# Your instructions
Which lines below contain the word "Diaper"? Copy each of them.

Dataset records:
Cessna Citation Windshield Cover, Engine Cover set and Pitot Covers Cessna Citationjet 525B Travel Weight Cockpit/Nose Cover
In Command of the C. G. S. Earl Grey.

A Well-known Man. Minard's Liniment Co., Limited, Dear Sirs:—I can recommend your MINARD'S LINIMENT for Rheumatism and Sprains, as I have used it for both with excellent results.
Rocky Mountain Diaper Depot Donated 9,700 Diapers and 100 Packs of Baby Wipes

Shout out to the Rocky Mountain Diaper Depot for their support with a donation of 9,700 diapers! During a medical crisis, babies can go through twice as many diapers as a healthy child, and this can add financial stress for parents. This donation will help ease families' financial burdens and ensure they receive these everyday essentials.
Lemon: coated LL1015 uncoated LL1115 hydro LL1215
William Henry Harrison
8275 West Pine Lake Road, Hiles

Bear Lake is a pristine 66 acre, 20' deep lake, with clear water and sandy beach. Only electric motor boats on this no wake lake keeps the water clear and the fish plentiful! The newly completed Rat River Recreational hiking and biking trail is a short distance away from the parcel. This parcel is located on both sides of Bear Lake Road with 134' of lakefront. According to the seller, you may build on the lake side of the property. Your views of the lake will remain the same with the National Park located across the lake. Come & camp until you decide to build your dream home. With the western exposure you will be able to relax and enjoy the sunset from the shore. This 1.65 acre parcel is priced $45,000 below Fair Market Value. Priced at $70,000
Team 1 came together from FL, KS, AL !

==

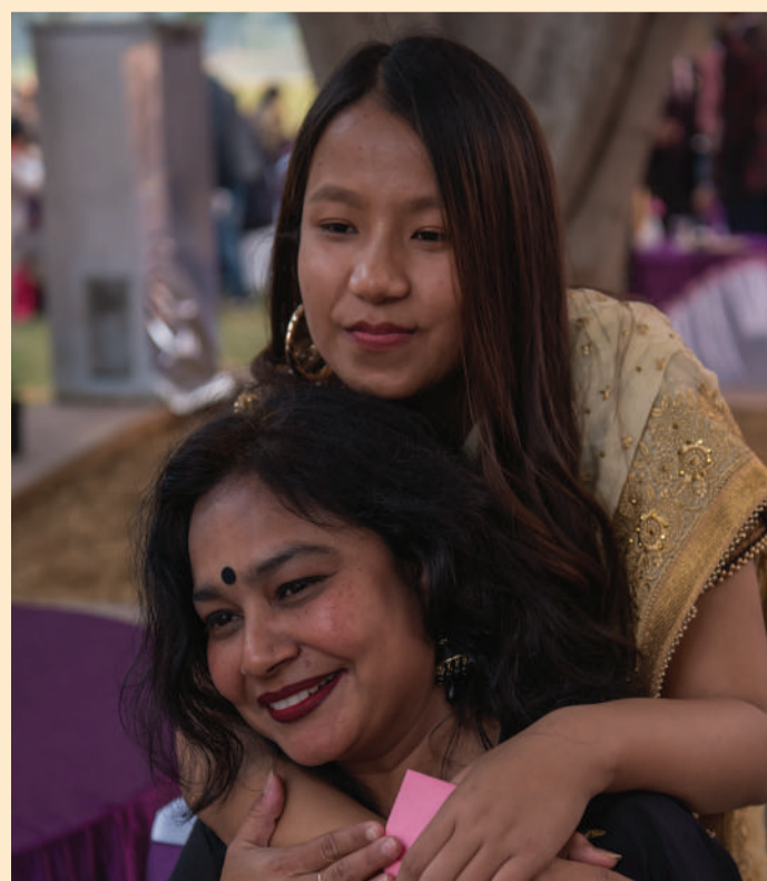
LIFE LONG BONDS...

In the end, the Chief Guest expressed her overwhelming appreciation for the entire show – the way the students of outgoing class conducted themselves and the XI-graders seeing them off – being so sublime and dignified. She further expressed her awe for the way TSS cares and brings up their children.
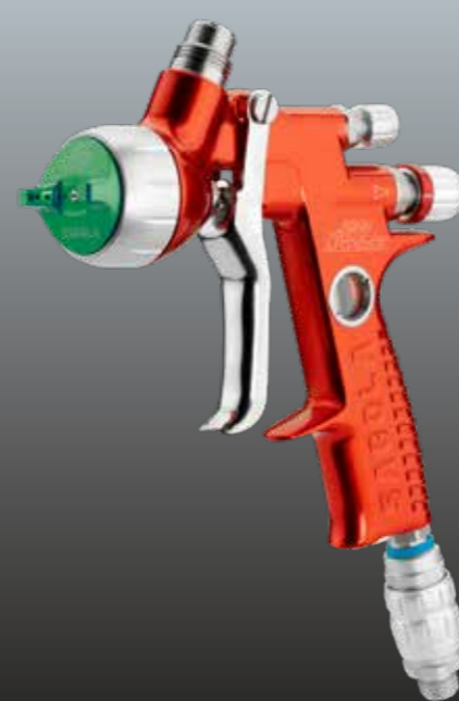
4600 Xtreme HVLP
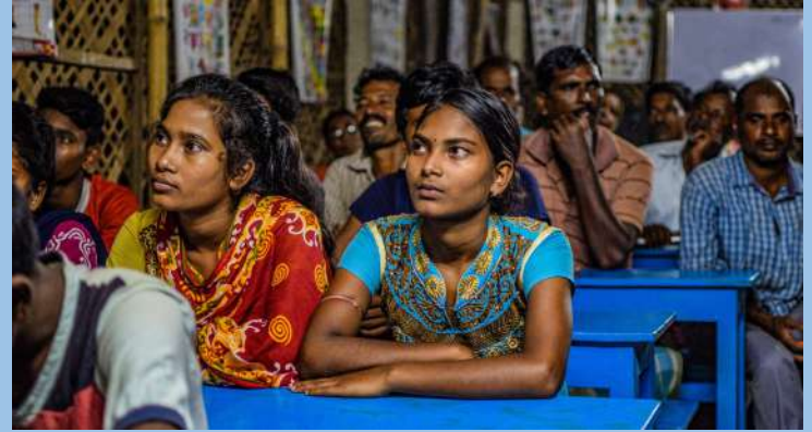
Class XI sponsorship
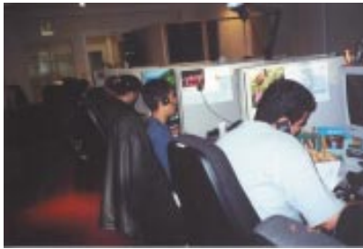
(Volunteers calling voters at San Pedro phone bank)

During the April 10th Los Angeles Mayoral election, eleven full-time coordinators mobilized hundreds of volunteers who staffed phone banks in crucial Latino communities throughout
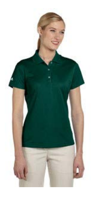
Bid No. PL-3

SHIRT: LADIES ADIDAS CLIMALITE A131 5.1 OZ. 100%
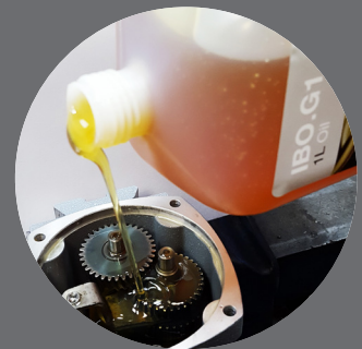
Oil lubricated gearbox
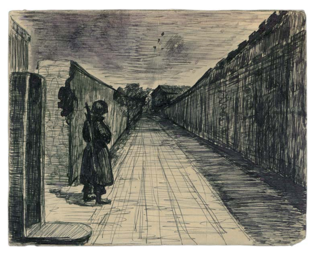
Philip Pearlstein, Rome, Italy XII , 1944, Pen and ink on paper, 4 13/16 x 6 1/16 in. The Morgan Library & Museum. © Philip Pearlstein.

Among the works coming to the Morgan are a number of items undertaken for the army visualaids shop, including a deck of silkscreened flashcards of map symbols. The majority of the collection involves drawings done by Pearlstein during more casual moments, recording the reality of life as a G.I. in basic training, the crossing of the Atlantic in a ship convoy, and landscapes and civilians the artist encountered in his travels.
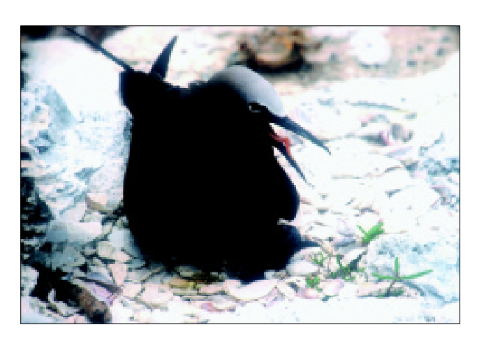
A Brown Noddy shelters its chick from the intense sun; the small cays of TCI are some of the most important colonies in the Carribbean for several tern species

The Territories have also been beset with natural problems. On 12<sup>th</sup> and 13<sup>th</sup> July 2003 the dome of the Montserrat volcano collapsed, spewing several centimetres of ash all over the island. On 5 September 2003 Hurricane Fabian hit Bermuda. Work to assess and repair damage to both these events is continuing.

# Task answer
Rocky Mountain Diaper Depot Donated 9,700 Diapers and 100 Packs of Baby Wipes
Shout out to the Rocky Mountain Diaper Depot for their support with a donation of 9,700 diapers! During a medical crisis, babies can go through twice as many diapers as a healthy child, and this can add financial stress for parents. This donation will help ease families' financial burdens and ensure they receive these everyday essentials.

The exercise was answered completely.